На палубе в этот час было многолюдно, и Стефка почувствовала себя неловко под перекрестными взглядами любопытствующих глаз. Но прежде чем они расстались, сэр Уильям шепнул своей даме на ухо:

- Сегодня прекрасная ночь, и я не хочу покидать палубы. Вид на ночную Малагу столь красив.

Если это не было приглашением на свидание, значит, она ослица. Но не торопит ли граф события? Впрочем, редко какой мужчина может найти удовольствие в затягивании ухаживаний за понравившейся женщиной.

Покормив и укачав Сида, Стефания высунула нос на палубу.

Дул свежий ночной ветер. Все оставшиеся на корабле моряки уже расползлись на ночевку, и с борта покачивающейся на волнах каравеллы действительно были видны рассеянные огоньки засыпающего города.
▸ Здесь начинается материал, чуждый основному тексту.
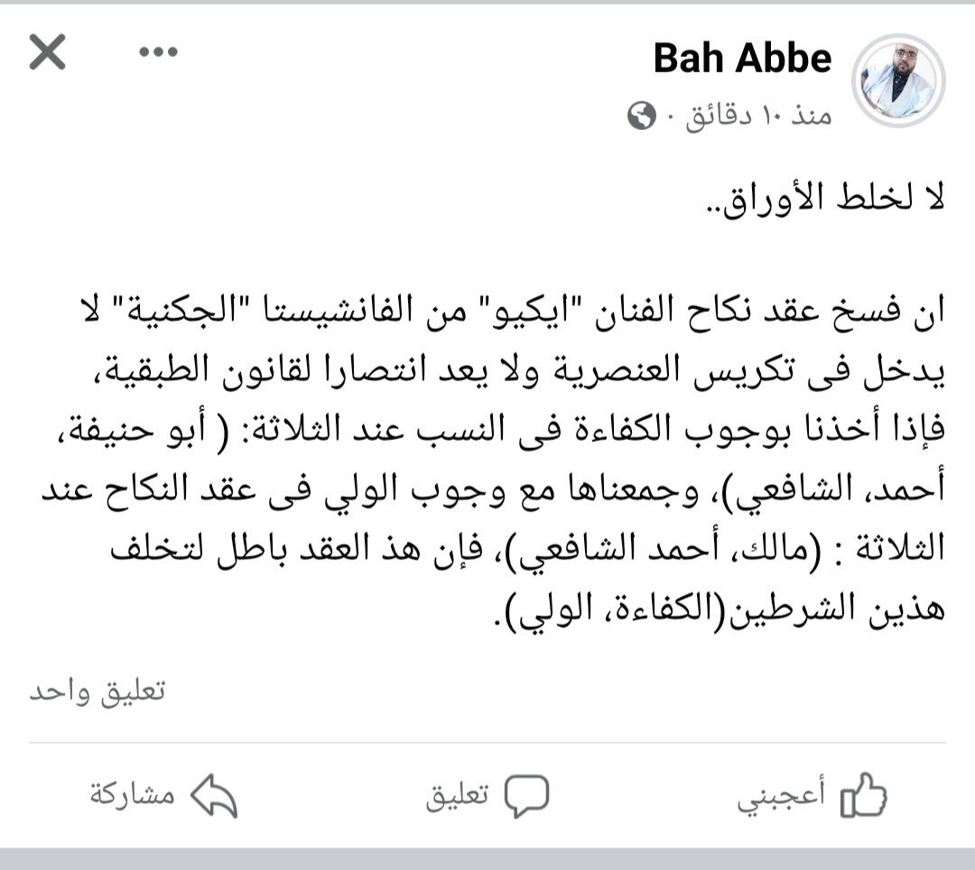 مصدر مطلع اوضح أن ولي الشابة " مامه منت المصطفى " طعن في الزواج من الأساس " معتبرا انه باطل نتيجة فقدان ركن أساسي من اركانه وهو " الولي " , زيادة على ما اعتبره وسطها الإجتماعي تجاوزا لمبدأ " الكفاءة" المنصوص عليها في بطون أمهات كتب الفقه المالكي .

Но вовсе не это зрелище привлекло внимание Стефании, а темная фигура взирающего на Малагу мужчины. Сэр Уильям терпеливо ждал.

Вроде бы всё решила уже Стефания: рассудила и так, и эдак, но сделать несколько разделяющих их шагов оказалось невероятно трудно. Ей стало настолько не по себе, что похолодело в животе, и разом захотелось вернуть назад в каюту. Но она не вернулась...

Губы сэра Уильяма оказались слегка обветренными, но приятными на вкус. Они медленно целовались и, заключив друг друга в объятия, любовались на спящий город. Руки Сэлисбурна были теплыми и ласковыми, и от него веяло спокойствием и надежностью.

Но сэр Уильям, прежде всего, был мужчиной.

- Когда? - в своей обычной манере спросил он.

Стефания насмешливо покосилась на белеющее в темноте лицо.

- Не сегодня.

Ах, как приятно дразнить мужчину и не бояться, что он тебя насильно принудит к близости, а то и ещё хуже: в злобе замурует в стену или отдаст в руки инквизиции. И когда Сэлисбурн, тяжело вздохнув, поцеловал ей руку, не унизив себя уговорами или угрозами напополам с волокитством, в её груди вспыхнуло теплое чувство благодарности.

По большому счёту женщинам для счастья нужно мало: любая из них с юности и до глубокой старости мечтает только об одном, чтобы мужчина рядом считался не только со своими желаниями.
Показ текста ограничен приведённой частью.